Wade Munroe, University of Nebraska, Lincoln
There is much to appreciate in Bence Nanay’s monograph. In particular, Nanay’s analysis of mental imagery is especially insightful. The expression, “mental imagery,” is a technical term introduced in experimental psychology’s nascency. As Nanay rightly argues, our use of, “mental imagery,” qua term of art, should aim to maximize theoretical usefulness in cognitive explanation. Although it’s still common to treat mental imagery as a necessarily conscious phenomenon, Nanay establishes that mental imagery ought to be analyzed without recourse to conscious experience. Instead, Nanay defines mental imagery as perceptual representation that is not directly triggered by sensory input.

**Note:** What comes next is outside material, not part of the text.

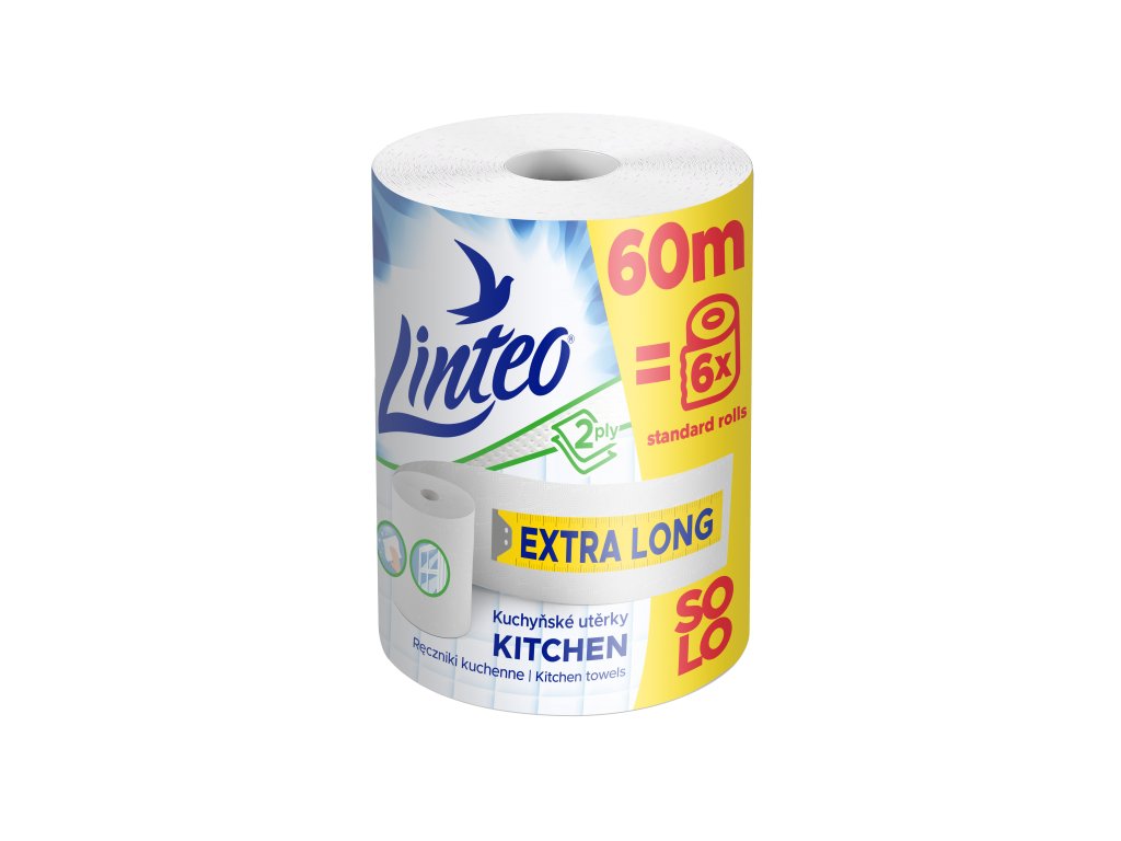 Dvouvrstvé bílé papírové kuchyňské utěrky Linteo Extra long představují praktického pomocníka pro každodenní úklid. Jedna role s návinem 60 metrů odpovídá pěti běžným rolím, takže šetří nejenom vaši peněženku, ale také čas a prostor doma. Vyrobeny ze 100% celulózy jsou pevné, savé a bezpečné pro kontakt s potravinami. Balení obsahuje jednu roli o návinu 60 metrů.

Although I have quibbles with various aspects of Nanay’s definition (and, in particular, his use of the expression, “not directly triggered,” and his distinction between triggering and modification), for the sake of space, I focus my comments on Nanay’s claims about the relationship between language and mental imagery in chapter 19. Nanay boldly asserts that, “language processing itself essentially involves mental imagery,” (p. 148) a claim I will call ‘LEIM’ for short. Although never explicitly stated, we can gather what Nanay means by “linguistic processing” from the evidence he cites in favor of LEIM,
- Evidence that linguistic labels facilitate object recognition, visual object detection, and visual search (e.g., Gary Lupyan’s Label-Feedback Hypothesis; Edmiston & Lupyan, 2015; Lupyan, 2012; Lupyan, Mirman, Hamilton, & Thompson-Schill, 2012; Lupyan & Swingley, 2012).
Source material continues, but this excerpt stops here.